Platon mengakui bahwa rakyat tidak mengambil bagian yang
bekerja dalam masalah legislatif regulatif. Menurutnya, karya
individu dapat dibagi menjadi tiga kelas ekspres di bidang publik.
Yang pertama adalah 'Gatekeeper', atau yang dikenal sebagai kelas
splendid, mereka memiliki pengetahuan paling banyak. Yang kedua
adalah 'Proporsional', atau tingkat perak, yang berada di bawah
aturan yang ditetapkan oleh Pengawal. Mereka memiliki ketabahan
dan suara kecil yang damai dan sungguh-sungguh. Selain itu, pilihan
terakhir adalah individu pekerja terbaik, atau kelas perunggu, yang
memiliki pengendalian diri dan wawasan tentang kerinduan tertentu.

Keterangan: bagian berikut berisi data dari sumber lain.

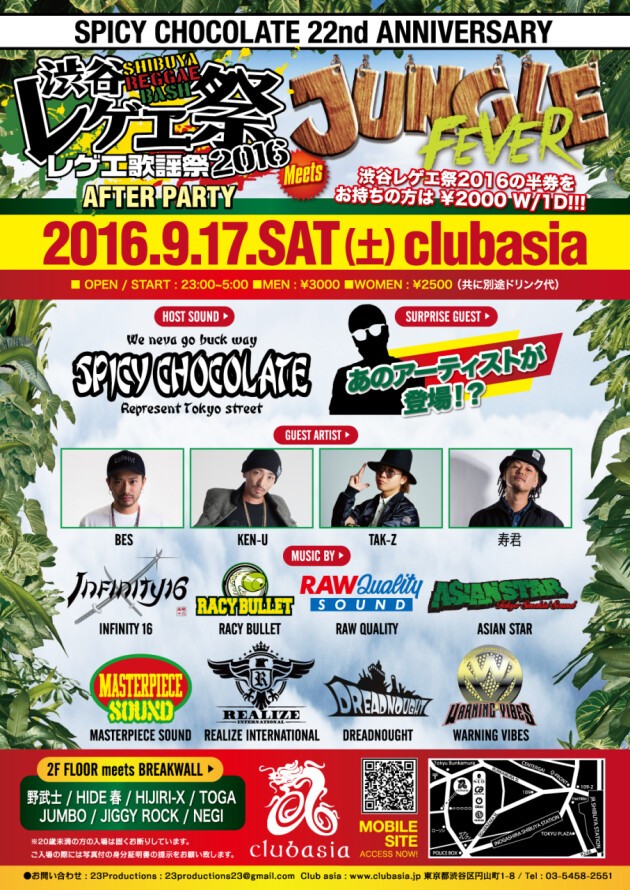 渋谷レゲエ祭のアフターパーティーは渋谷クラブ・エイジアで!!!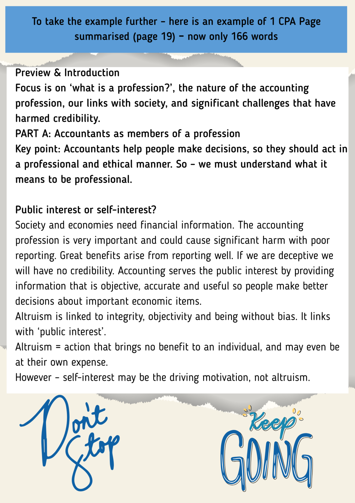 We often advise CPA students on how important it is to prepare module summaries – using your own words, not just borrowing notes from someone else. The benefit of summarising comes from: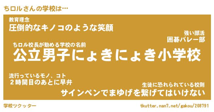 | ヒーロー風カッコイイあだ名 | 『スーパーチロル』『ウルトラちロルマン』 |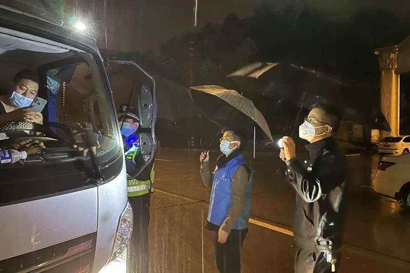 永春县桃城镇纪委监察组干部到南环路疫情防控交通查验点了解查验通行证、健康码、核酸检测报告等疫情防控措施落实情况。(李明杰 摄)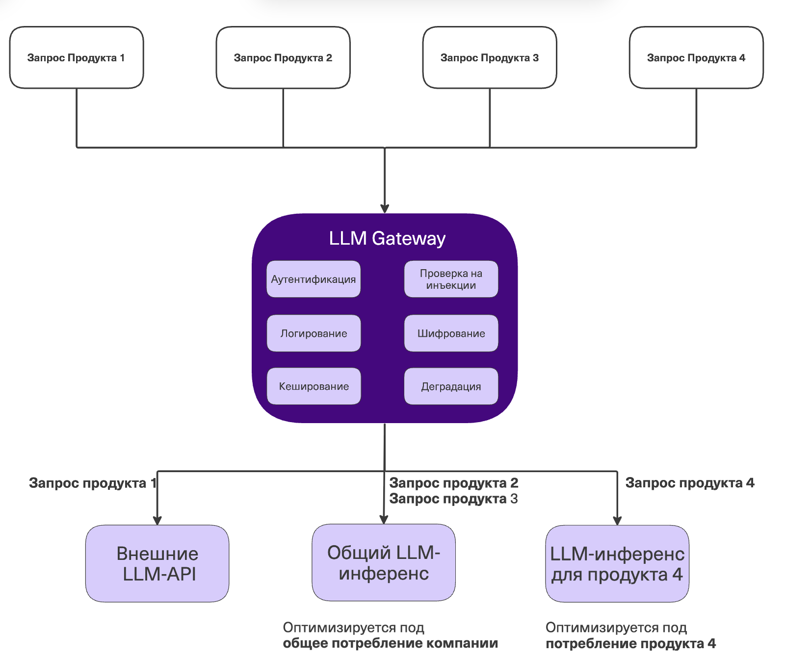 LLM для агента – это мозг, который принимает решений. В этом разделе обсудим, как должен быть устроен доступ к LLM в компании. Сначала приведу схему устройству, а затем в тексте его разберем.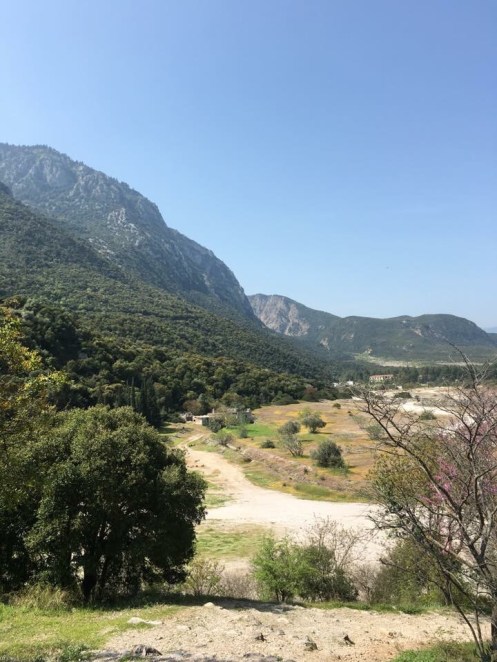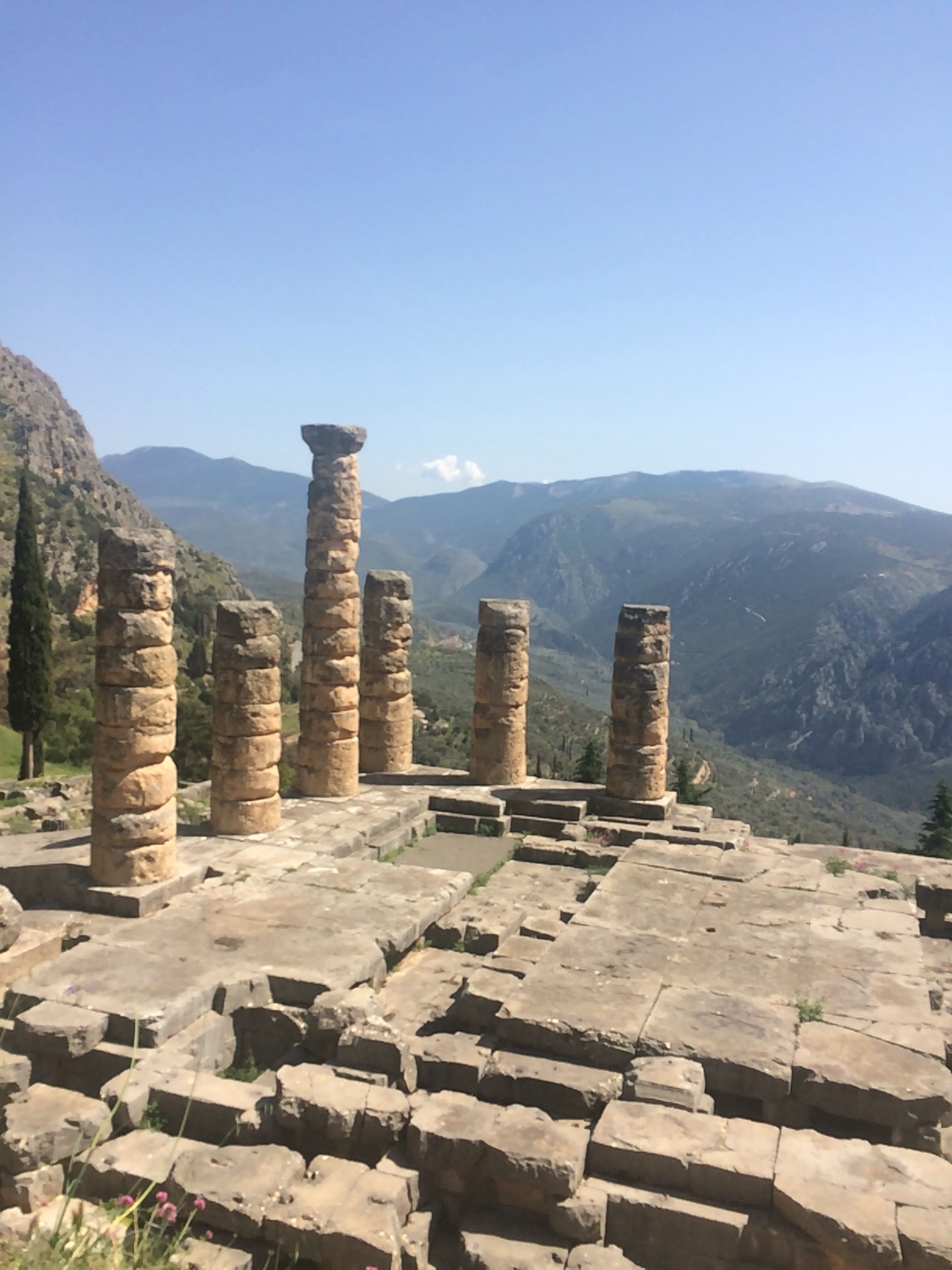 When I visited Delphi 50 years ago my parents were wandering around and I was feeling badly- I was hot with a fever. I lay down between the columns in the photo with my face against the stone floor to cool off. Eventually my parents reappeared; this was before parents never let their kids out of sight.

Al-Farabi mengikuti Plato dengan cara yang berbeda.
Spesialis melihat kesamaan antara dibuat oleh Al-Farabi dan Plato.
Kedua karya mereka, Al-Farabi's Critical States dan Plato's
Republic, dimulai dengan menghadirkan Tuhan sebagai pendorong
pedoman yang signifikan dan menjamin bahwa penduduk harus
memahami keyakinan penting tentang surga untuk menambah
kerangka politik yang layak. Dalam keduanya juga dikatakan bahwa,
para penguasa harus berusaha membuat masyarakat dapat
mengetahui realitas tentang Surga. Selain itu, dua kasus bahwa
penghuninya harus bertindak dengan baik dalam perjalanan untuk
mencapai kepuasan yang tidak salah lagi
b) Dampak Aristoteles pada Alfarabi
Selain menerapkan pemikiran Plato dalam pemikiran
politiknya, Al-Farabi juga berusaha memasukkan pemikiran
Aristoteles dalam penalarannya. Khususnya tentang kemungkinan
warga dan warga berlatih. Pemikiran tentang kewarganegaraan dan
batasan populasi yang diajukan oleh Aristoteles tampaknya sangat
penting bagi Al-Farabi.
Aristoteles menggambarkan penduduk sejauh mereka
berkoordinasi dalam memutuskan dan berdiri teguh pada keadaan.
Ini tidak hanya berkaitan dengan penguasa, penguasa, dan situasi
politik dan hukum seperti untuk kepala negara, namun terlepas dari
area kekuasaan yang berbeda termasuk juri, pengumpul biaya, dll.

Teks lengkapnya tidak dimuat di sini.